Due to the neurological impact of art many businesses may miss out on the potential art can have for stress relief, increased productivity, enhanced creativity and general well-being among employees.

Art in healthcare

An interesting project was conducted in Denmark between 2016-2019 called "Kultur på recept" (Culture on prescription) where participants have been going to 2-3 different cultural activities every week for 10 weeks instead of receiving prescription medicine for mild to moderate stress, anxiety and depression. 800 people took part in this project and the results where astounding. 8 out of 10 of the participants felt better when the course ended in a self-rated test, especially amongst the group of participants who scored the lowest in the test before the start of the course.

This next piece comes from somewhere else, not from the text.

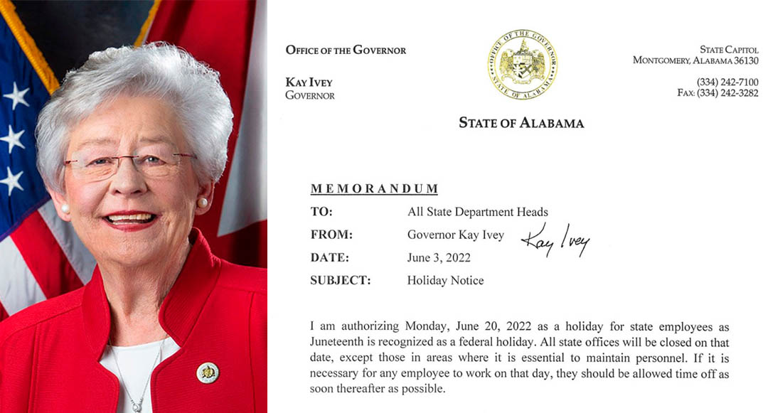 케이 아이비(Kay Ivey) 주지사는 2022년 6월 20일을 앨라배마 주의 공휴일인 6월 20일로 승인했다. 이에 따라 필수적인 지역을 제외한 모든 주정부 공공기관은 이날 문을 닫는다.

Project made for Fenrishus where art was utilized to create a more joyful and stress reducing environment for patients, families and personel. Read more about the case.

Similar effects has long been studied at healthcare facilities around the globe where art has strategically been implemented to increase recovery time and support both patients, families and personel relief stress and anxiety in an often stressful environment. A report made by the organisation called "Americans for the arts" concludes:

Studies have proven that integrating the arts into healthcare settings helps to cultivate a healing environment, support the physical, mental, and emotional recovery of patients, communicate health and recovery information, and foster a positive environment for caregivers that reduces stress and improves workplace satisfaction and employee retention.

– Americans for the arts, 2009 (Source)

All signs pointing to the fact that art has a neurological potential to support the body to heal or recover, whilst reducing stress and anxiety of all of the people involved in the process.

Previously we've worked with healthcare facilities to develop art strategies in order to attempt to reap some of these fantastic benefits. An example of this is Fenrishus, which is a care centre for kids and young people with special needs. The centre offers specialised solutions for people with disabilities and functional impairments 24-hours a day. The overall result was an art solution that transformed the institutional setting with care-taking needs into a contemplative space that brings joy and appreciation of the smallest details in everyday life for everyone - both staff, visitors and users.